**DESCRIPTION OF THE TASK**
Which lines run from the one with "Grupka przewoźników przystąpiła" through the end of the data? Retype them exactly, without pictures.

**DATA**

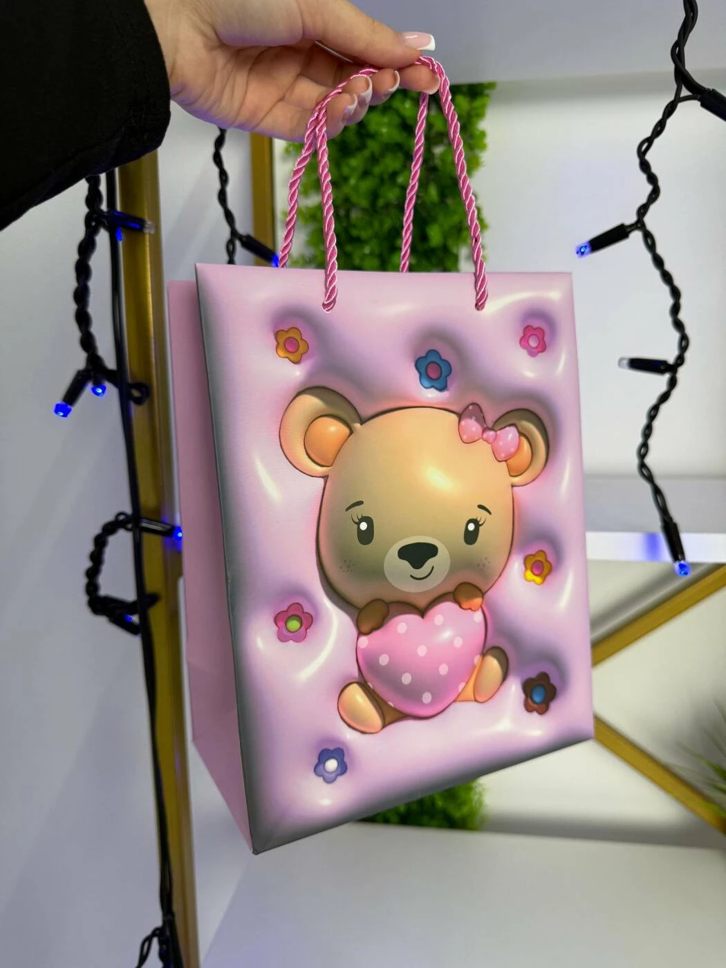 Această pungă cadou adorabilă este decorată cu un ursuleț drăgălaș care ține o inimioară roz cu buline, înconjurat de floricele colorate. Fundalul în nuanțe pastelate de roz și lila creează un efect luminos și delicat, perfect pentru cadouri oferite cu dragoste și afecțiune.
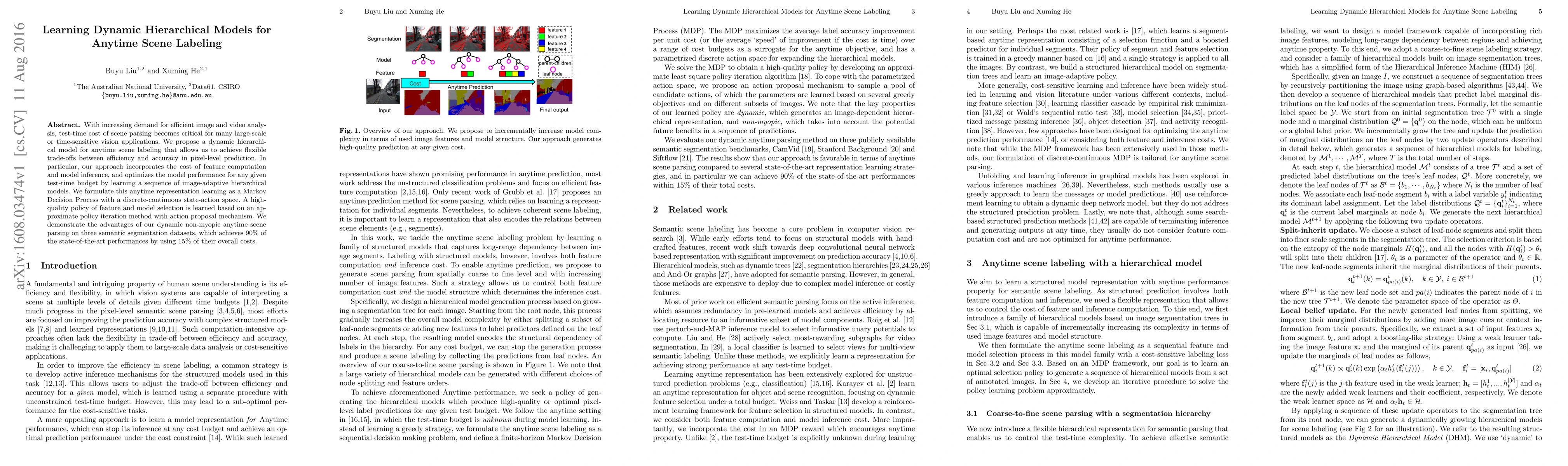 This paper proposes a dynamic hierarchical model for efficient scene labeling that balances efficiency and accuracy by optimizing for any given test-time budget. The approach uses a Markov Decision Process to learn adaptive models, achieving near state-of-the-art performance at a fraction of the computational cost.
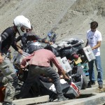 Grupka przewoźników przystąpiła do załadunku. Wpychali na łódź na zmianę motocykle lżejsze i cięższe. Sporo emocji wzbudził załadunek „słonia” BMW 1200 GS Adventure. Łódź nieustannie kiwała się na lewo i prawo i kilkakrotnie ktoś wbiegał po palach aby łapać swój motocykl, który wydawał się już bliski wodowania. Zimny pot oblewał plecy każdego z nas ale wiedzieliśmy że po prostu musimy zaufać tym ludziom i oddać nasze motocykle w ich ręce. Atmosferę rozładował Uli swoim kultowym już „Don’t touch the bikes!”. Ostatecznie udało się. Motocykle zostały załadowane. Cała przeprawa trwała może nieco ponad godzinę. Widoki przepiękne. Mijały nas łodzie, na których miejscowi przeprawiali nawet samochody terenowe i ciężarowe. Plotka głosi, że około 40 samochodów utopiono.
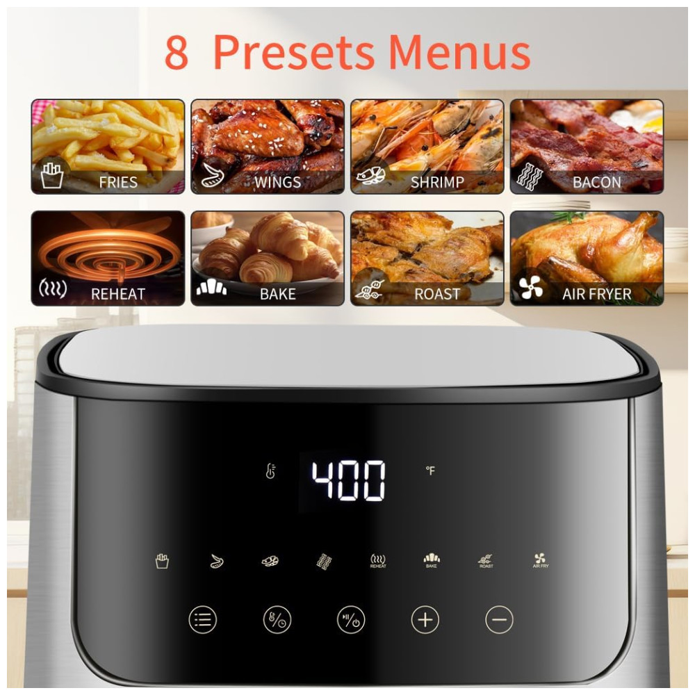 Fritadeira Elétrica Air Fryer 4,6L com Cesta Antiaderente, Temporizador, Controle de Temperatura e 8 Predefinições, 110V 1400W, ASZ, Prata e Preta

**RESULT**
 Grupka przewoźników przystąpiła do załadunku. Wpychali na łódź na zmianę motocykle lżejsze i cięższe. Sporo emocji wzbudził załadunek „słonia” BMW 1200 GS Adventure. Łódź nieustannie kiwała się na lewo i prawo i kilkakrotnie ktoś wbiegał po palach aby łapać swój motocykl, który wydawał się już bliski wodowania. Zimny pot oblewał plecy każdego z nas ale wiedzieliśmy że po prostu musimy zaufać tym ludziom i oddać nasze motocykle w ich ręce. Atmosferę rozładował Uli swoim kultowym już „Don’t touch the bikes!”. Ostatecznie udało się. Motocykle zostały załadowane. Cała przeprawa trwała może nieco ponad godzinę. Widoki przepiękne. Mijały nas łodzie, na których miejscowi przeprawiali nawet samochody terenowe i ciężarowe. Plotka głosi, że około 40 samochodów utopiono.
 Fritadeira Elétrica Air Fryer 4,6L com Cesta Antiaderente, Temporizador, Controle de Temperatura e 8 Predefinições, 110V 1400W, ASZ, Prata e Preta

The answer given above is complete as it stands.